- Developer: KID
- Publisher: Taxan USA
- Directors: Motoyuki Inoue Kuniharu Hosoda
- Producer: Ken Lobb
- Programmer: Shōji Takagi
- Artists: Abe Kazuhiro Iizuka Tsutomu Ozawa
- Composers: Nobuyuki Shioda Yūsuke Takahama
- Series: G.I. Joe
- Platform: Nintendo Entertainment System
- Release: NA: January 1991;
- Genres: Action, platform, run and gun
- Mode: Single player

= G.I. Joe (1991 video game) =

1991 video game

G.I. Joe: A Real American Hero is a 1991 run and gun game published by Taxan for the Nintendo Entertainment System based on the toyline of the same name. The game was produced by Ken Lobb and developed by the same Japanese team that later formed KID. A sequel developed by the same team, titled G.I. Joe: The Atlantis Factor, was released the following year, but was published by Capcom after Taxan went out of business.

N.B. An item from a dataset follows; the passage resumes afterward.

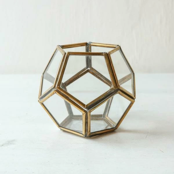 Decorate a table or sideboard with our elegant Menni lanterns, made from brass in striking designs the lanterns are the perfect tabletop accessory. The metal is skilfully soldered around the glass with traditional tools; this handmade process means that there are weld marks on the joins of each piece, a feature that we love as it tells the story of how the product is made. 10 x 11 x 11cm

G.I. Joe on the NES garnered positive reception from reviewers since its initial release; praise was given to the colorful graphics, ability to choose between characters and form a team, soundtrack, controls, gameplay and music but the occasional flickering issues was criticized. Retrospective commentary has been positive.

==Gameplay==

Gameplay screenshot of mission 1-1.

The player takes control of a team of three G.I. Joe characters, each with his own specialty. The goal of the game is to navigate through six stages on a mission to finally bring down Cobra. The initial character roster consists of Duke, Snake Eyes, Blizzard, Captain Grid-Iron, and Rock 'n Roll. A sixth character, Hawk, gives orders to the team between missions, and becomes available as a playable character for the final stage. The player's first character is automatically assigned depending on the stage, while the second and third characters are freely chosen.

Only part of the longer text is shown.